§ **TASK TO COMPLETE**:
In the entries that follow, the lines from the one with "الدكتوره مني عبدالله" through the one with "Bồn Cầu Một" are the ones to write out, exactly and with both ends included. Nothing else should appear.

§ **RECORDS PROVIDED**:
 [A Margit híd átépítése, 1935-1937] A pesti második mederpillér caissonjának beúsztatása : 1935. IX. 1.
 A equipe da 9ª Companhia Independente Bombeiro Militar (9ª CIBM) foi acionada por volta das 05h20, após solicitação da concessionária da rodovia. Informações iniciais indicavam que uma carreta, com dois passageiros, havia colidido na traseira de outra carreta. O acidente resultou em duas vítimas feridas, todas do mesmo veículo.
--
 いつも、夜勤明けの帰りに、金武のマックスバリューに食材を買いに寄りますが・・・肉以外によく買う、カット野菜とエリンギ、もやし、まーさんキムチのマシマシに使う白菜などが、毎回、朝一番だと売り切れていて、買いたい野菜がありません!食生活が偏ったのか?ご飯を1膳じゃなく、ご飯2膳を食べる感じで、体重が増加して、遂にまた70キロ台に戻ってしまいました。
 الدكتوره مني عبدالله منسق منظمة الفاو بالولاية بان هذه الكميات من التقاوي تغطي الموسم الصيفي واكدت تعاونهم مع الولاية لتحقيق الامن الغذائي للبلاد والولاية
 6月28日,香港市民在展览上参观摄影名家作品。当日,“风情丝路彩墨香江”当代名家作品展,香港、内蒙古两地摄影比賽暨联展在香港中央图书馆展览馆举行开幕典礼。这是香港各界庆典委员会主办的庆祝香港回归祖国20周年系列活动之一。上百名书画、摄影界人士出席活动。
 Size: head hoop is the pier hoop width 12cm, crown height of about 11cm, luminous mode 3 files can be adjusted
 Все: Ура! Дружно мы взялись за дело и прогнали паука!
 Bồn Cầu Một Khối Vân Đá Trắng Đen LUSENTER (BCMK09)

§ **EXPECTED ANSWER**:
 الدكتوره مني عبدالله منسق منظمة الفاو بالولاية بان هذه الكميات من التقاوي تغطي الموسم الصيفي واكدت تعاونهم مع الولاية لتحقيق الامن الغذائي للبلاد والولاية
 6月28日,香港市民在展览上参观摄影名家作品。当日,“风情丝路彩墨香江”当代名家作品展,香港、内蒙古两地摄影比賽暨联展在香港中央图书馆展览馆举行开幕典礼。这是香港各界庆典委员会主办的庆祝香港回归祖国20周年系列活动之一。上百名书画、摄影界人士出席活动。
 Size: head hoop is the pier hoop width 12cm, crown height of about 11cm, luminous mode 3 files can be adjusted
 Все: Ура! Дружно мы взялись за дело и прогнали паука!
 Bồn Cầu Một Khối Vân Đá Trắng Đen LUSENTER (BCMK09)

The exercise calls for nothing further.